Habiendo entrado los asesinos con espada en mano, empezaron a gritar: “¿Dónde está el traidor? ¿Dónde está el arzobispo?” El santo dejando su silla les dijo:
“Yo soy el arzobispo, pero no el traidor, y estoy pronto a morir por mi Dios y por la libertad de la Iglesia” Y luego volviéndose hacia el altar, y juntando las manos exclamó: “Encomiendo mi alma a Dios y la causa de María Santísima y a los santos patronos de éste lugar”.Apenas dijo estas palabras cuando Reinaldo, uno de los asesinos, le dió una cuchillada en la cabeza, y cayó el santo de rodillas cubierto de sangre; al mismo tiempo dos de los otros asesinos, le atravesaron el cuerpo con sus espadas, y al ir a expirar, el cuarto de estos malvados le rajó la cabeza. Así consumó su martirio este ilustre prelado, el día 29 de diciembre de 1170, a los cincuenta y tres años de edad y nueve de su obispado.

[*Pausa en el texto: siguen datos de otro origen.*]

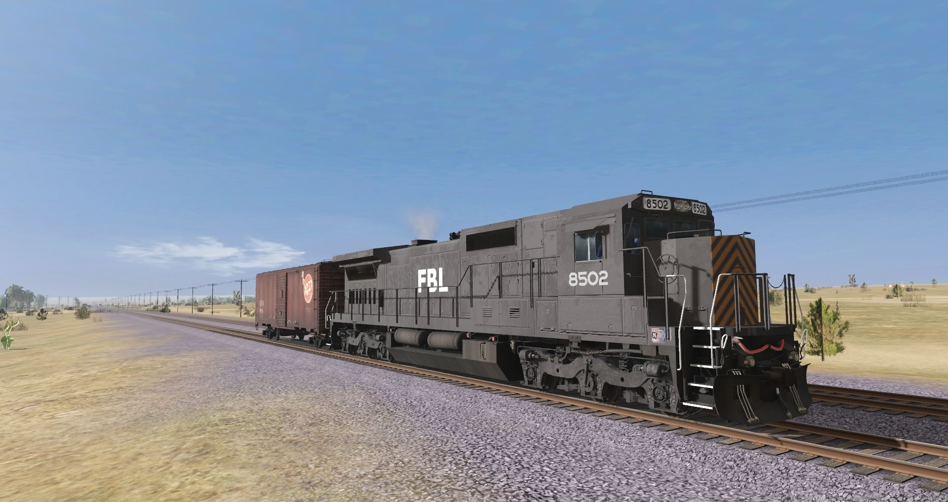 Posted by: ljdj | Posted:2022-06-20 20:07:32 Caption: Tags: Trainz Railroad Simulator 2019, Mojave Sub Division, Default, FBL C40-8, REDX 40Ft Boxcar

Toda la Europa manifestó el dolor que le causaba la muerte de este gran prelado, y todo el mundo cristiano se horrorizó al oír de este asesinato. Se halló su cuerpo vestido de un áspero cilicio, y fué enterrado en la iglesia sin ceremonia alguna.
El rey se sujetó a una penitencia pública, y recibió la absolución de los dos legados del Papa en presencia del clero y pueblo. Los milagros que obraba Dios por nuestro santo obligaron al Papa Alejandro III a canonizarle solemnemente tres años después de su muerte. Por sincero que fuese el arrepentimiento del rey Enrique, le castigó Dio cruelmente con la rebelión de sus dos hijos, y se vió a pique de perder la vida. Hizo penitencia pública, y el Señor parece la aceptó. Los asesinos pasaron el resto de su vida en un continuo temblor, y todo el mundo fué testigo de éste terrible suplicio.
El rey de Francia, Luis el joven, fué en persona al sepulcro de Tomás, y consiguió la salud de su hijo. San Luis dio a la abadía de Rayaumont la cabeza del santo, que obtuvo del rey de Inglaterra. Enrique VIII, cuando se rebeló contra la Iglesia, hizo quemar públicamente sus reliquias.